Hassan pronunció un par de palabras de saludo en árabe.
Mustafá habría sido incapaz de traducirlas correctamente al castellano, pero otras palabras igualmente dulces pronunciadas en su idioma materno brotaron con toda naturalidad de sus labios.
—Nosotros, que moramos dentro de las paredes de este harén, somos afortunados. Dios nos concede echar un vistazo al cielo de Castilla y al mar de Levante en los ojos de un ángel. Nunca regresará el invierno, porque la luz de Al Andalus está atrapada en vuestros cabellos. Cada una de vuestras sonrisas entibiará nuestra alma. Sed bienvenida, señora, serviros será un honor.
Su retórica hizo sonreír a Beatriz y Hassan quedó muy satisfecho. Se rumoreaba que resultaba difícil conseguir que se abriera aquella flor del harén y, aunque no había comprendido ni una palabra de las pronunciadas por el nuevo eunuco, este parecía dominar el arte de la elocuencia, así que le sonrió con aprobación. Mustafá solo tenía ojos para Beatriz, sin embargo.
—Hablas mi idioma con la elegancia de un noble —dijo ella, y sus palabras encerraban una pregunta.
Mustafá bajó la vista y habló en voz baja y quebrada.
—Nací siendo caballero, señora, pero el destino decidió otra cosa. Estaré agradecido a Dios hasta el fin de mis días por ello, puesto que de lo contrario jamás hubiera contemplado vuestra belleza.

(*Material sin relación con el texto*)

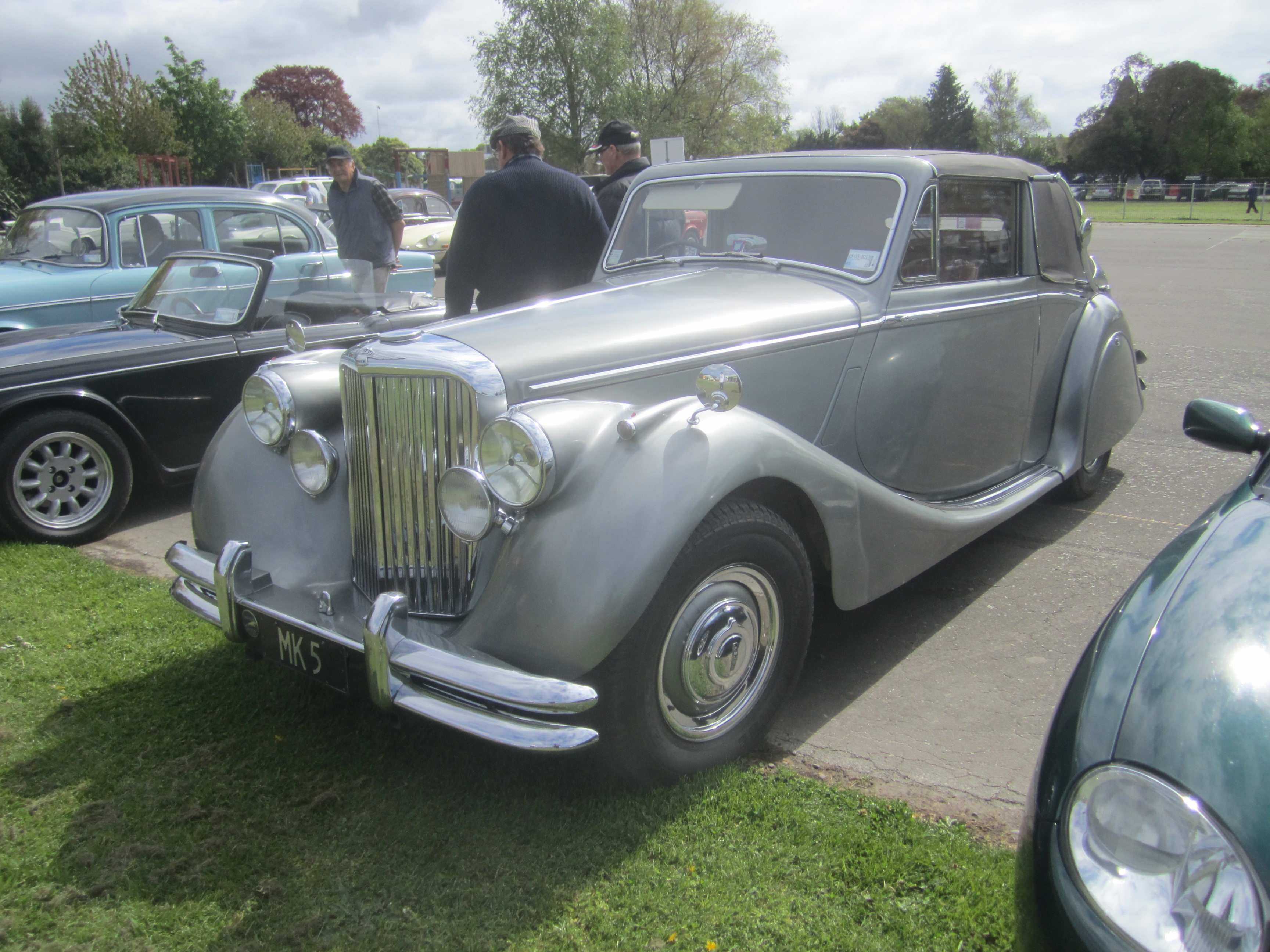 The Mk V was built from 1948-51. Available in Saloon or Drophead Coupe. Engine; 2664 or 3485cc 6 cyl from NZ registration records: 1951 Jaguar (MK5) 2,700cc Petrol engine

La mirada de Beatriz adoptó una expresión de profunda compasión. ¡Cuánto dolor oculto en un discurso tan dulce! Se sintió un poco culpable: ella también lloraba la pérdida de su patria, pero vivía rodeada de lujos, la deseaban y procuraban conquistarla. ¡Qué le habían hecho a ese muchacho, en cambio!
—Me encantaría hablar contigo sobre la belleza de Castilla —le dijo en tono amable, y luego se dirigió a Hassan—: Te agradezco esta amable bienvenida en las palabras más bellas de mi lengua. Me agradaría que este muchacho me atendiera. ¿Cómo se llama?
Hassan sonrió, orgulloso de haber tenido una buena idea y encantado de la nueva y útil adquisición que Mustafá había demostrado ser.
—Lo llamamos Mustafá —dijo, haciendo una reverencia.
La mirada del muchacho se entristeció.
—¿Cómo te llamas, en realidad? —le preguntó Beatriz en castellano.
—León —respondió y, agradecido, sumergió la mirada dulce de sus ojos verdes en las profundidades de otros ojos, azules como el mar.